Der Hohe Präsident der Wahlkommission, Sadi Güven, hat eine persönliche Stellungnahme an die YSK-Erklärung angehängt. Jeder Wahlrat bestehe aus sieben Personen, schrieb er, und es gebe keine Beweise dafür, dass regelwidrig beauftragte Vorsitzende allein Einfluss auf das Ergebnis der Wahl haben könnten. Zudem reiche auch "nach der Bestimmung des Verfahrens zur Bildung der Wahlräte" die regelwidrige Zusammensetzung solcher Räte als Grund nicht aus, um die Wahl selbst für ungültig zu erklären. Güven macht auch darauf aufmerksam, dass die AKP selbst an den beanstandeten Urnen eigene Beobachter hatte.
Die Annullierung der Istanbuler Bürgermeisterwahl war auch im Ausland auf erhebliche Kritik gestoßen. Die EU sprach von Intransparenz. Die Wahl wird am 23. Juni wiederholt. Der ursprüngliche Wahlsieger Imamoglu musste das gerade übernommene Bürgermeisteramt wieder abgeben. Eine seiner wichtigsten Unterstützerinnen wurde inzwischen angeklagt - unter anderem von Präsident Recep Tayyip Erdogan persönlich.

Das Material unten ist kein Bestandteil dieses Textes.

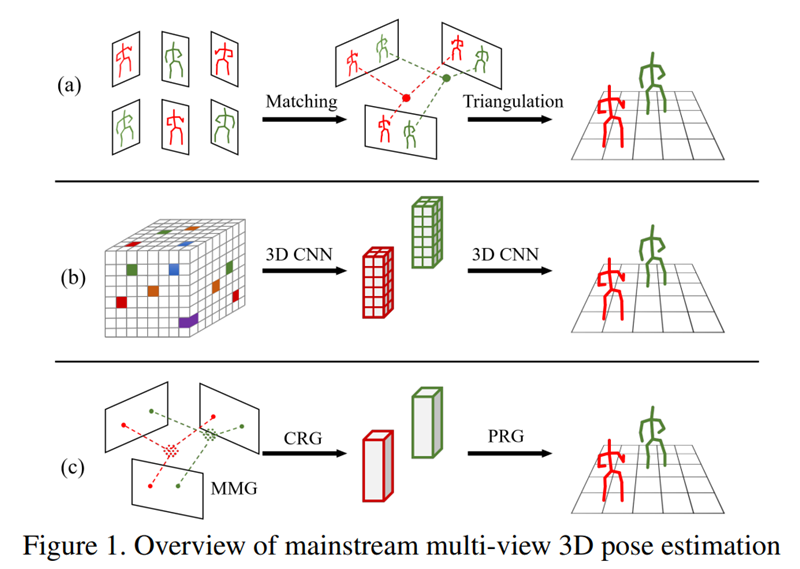 (a)와 같이, 2D-to-3D lifting 접근법은 먼저 각각의 시점에서 2D joints를 추정하고, 추정된 2D poses들을 같은 사람끼리 매치시킵니다. 이후, triangulation 이나 Pictorial Structure Models(PSM)을 통해 매치된 2D single-view poses를 3D로 변환합니다. 이 접근법은 일반적으로 실시간일때 효율적입니다. 그러나, 3D reconstruction 정확도는 폐색에 견고하지 않은 2D pose estimation에 의해 제한을 받습니다.

Die Staatsanwaltschaft Istanbul hat die Klage gegen die CHP-Politikerin Canan Kaftancioglu am Donnerstag eingereicht - und fordert mindestens elf Jahre Haft. Die Vorwürfe lauteten auf Terrorpropaganda, Volksverhetzung, Präsidentenbeleidigung, Beamtenbeleidigung und Verunglimpfung des Staates, berichtet die Nachrichtenagentur DHA. Dabei geht es um Beiträge, die Kaftancioglu zwischen 2012 und 2017 in sozialen Medien geteilt haben soll. Die Ermittlungen hatten schon im Januar 2018 begonnen. Kaftancioglu ist als CHP-Chefin von Istanbul eine einflussreiche Figur im neuen Kommunalwahlkampf.